Task directions » Look below for the line containing "도서산간 지역 배송불가 |" and the line containing "21일 오후 서울 목동구장에서", then set down both and every line between them exactly, without pictures.
START Listed records
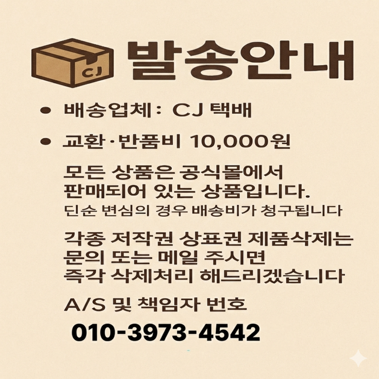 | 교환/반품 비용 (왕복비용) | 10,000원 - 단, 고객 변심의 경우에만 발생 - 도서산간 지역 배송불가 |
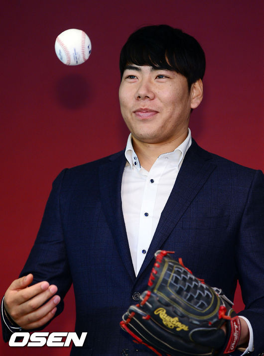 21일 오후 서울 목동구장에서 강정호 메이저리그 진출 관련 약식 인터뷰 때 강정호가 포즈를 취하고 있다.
END Listed records
START Listed records
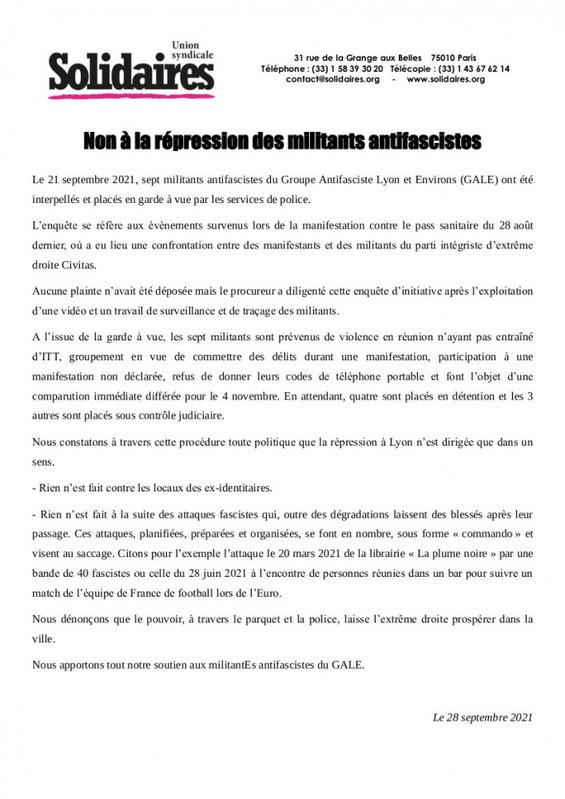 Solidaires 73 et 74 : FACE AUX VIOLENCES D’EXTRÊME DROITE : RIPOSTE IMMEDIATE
END Listed records
START Listed records
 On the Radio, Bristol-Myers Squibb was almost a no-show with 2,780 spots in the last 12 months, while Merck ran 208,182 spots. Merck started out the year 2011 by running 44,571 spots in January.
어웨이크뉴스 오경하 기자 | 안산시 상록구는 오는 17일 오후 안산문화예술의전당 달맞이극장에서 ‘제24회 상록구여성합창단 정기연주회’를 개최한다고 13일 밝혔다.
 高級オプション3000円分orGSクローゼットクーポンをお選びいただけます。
END Listed records
Finished task »
 | 교환/반품 비용 (왕복비용) | 10,000원 - 단, 고객 변심의 경우에만 발생 - 도서산간 지역 배송불가 |
 21일 오후 서울 목동구장에서 강정호 메이저리그 진출 관련 약식 인터뷰 때 강정호가 포즈를 취하고 있다.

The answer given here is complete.